# Scaling down a set of points into a smaller area

A visibility graph $$G(P) = (V,E)$$ of a set $$P = \{p_1, \dots, p_n\}$$ of points is defined as follows.

• Each vertex $$u \in V$$ corresponds to a point $$p_u \in P$$.
• There exists an edge $$uv \in E$$ if, and only if the line segment $$\overline{p_up_v}$$ does not contain any other points in $$P$$.

Assume that the coordinates of every $$p_i \in P$$ has $$O(n^c)$$ digits, where $$c$$ is a constant.

My aim is to scale the point set, without changing the relative positions, into a smaller area. For the sake of simplicity, assume that the area is a circle of raduis 1.

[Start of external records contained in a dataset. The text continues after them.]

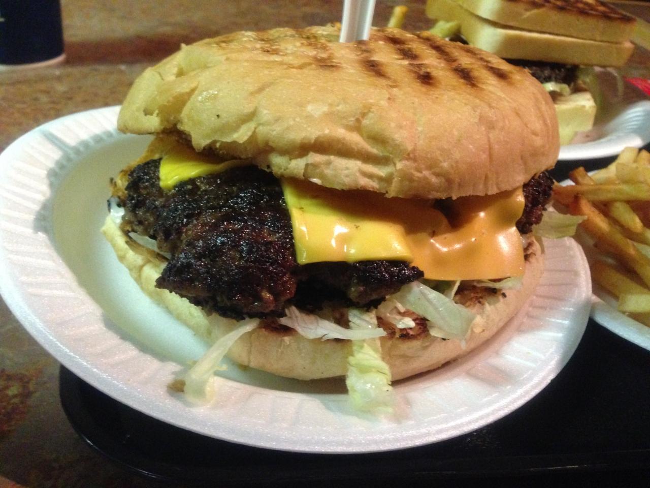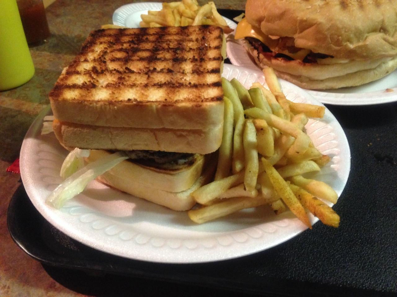 写真だと大きさが伝わらないけど、顔の大きさくらいある巨大なハンバーガー。メスクラ ドス (1号店) 地元の料理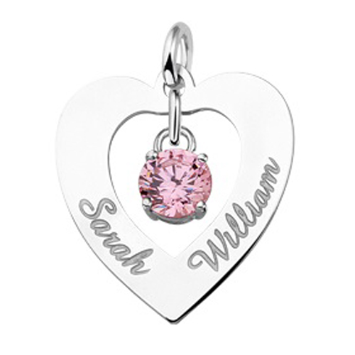 Deze mooie bedel heeft ruimte voor 2 namen en bevat een Zirkonia van 6mm in het midden. De hnager is 23x20mm groot.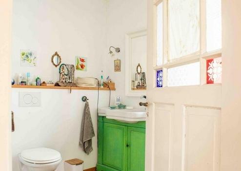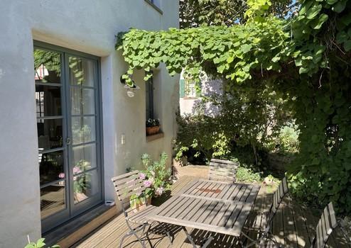 Diese wird zurzeit als Wohnküche genutzt und hat Zugang zum Hof und zur Terrasse mit Blick in den kleinen dahinter liegenden Garten.

Consider three points: $$p_1(100, 340)$$, $$p_2(500,150)$$, $$p_3(240, -600)$$.

The new coordinates after scaling would be $$p’_1(0.1, 0.34)$$, $$p’_2(0.5, 0.15)$$, $$p’_3(0.24, -0.6)$$, and the relative positions stay the same, as well as the visibility relations.

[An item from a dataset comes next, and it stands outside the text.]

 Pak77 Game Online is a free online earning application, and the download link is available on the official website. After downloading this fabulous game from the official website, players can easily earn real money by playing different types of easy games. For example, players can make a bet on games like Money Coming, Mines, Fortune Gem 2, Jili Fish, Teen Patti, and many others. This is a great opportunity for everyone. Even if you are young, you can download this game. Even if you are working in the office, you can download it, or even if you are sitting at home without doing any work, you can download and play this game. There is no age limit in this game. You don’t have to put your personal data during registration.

My question is two folded:

1. In the very simple example above, the coordiantes are divided by $$100$$, and it is pretty easy to find that number. But what is the algorithm to find this number for any given point set?
2. Assuming that the coordinates are of $$O(n^c)$$ length, can there be a coordinate of $$O(d^n)$$ (exponential) length?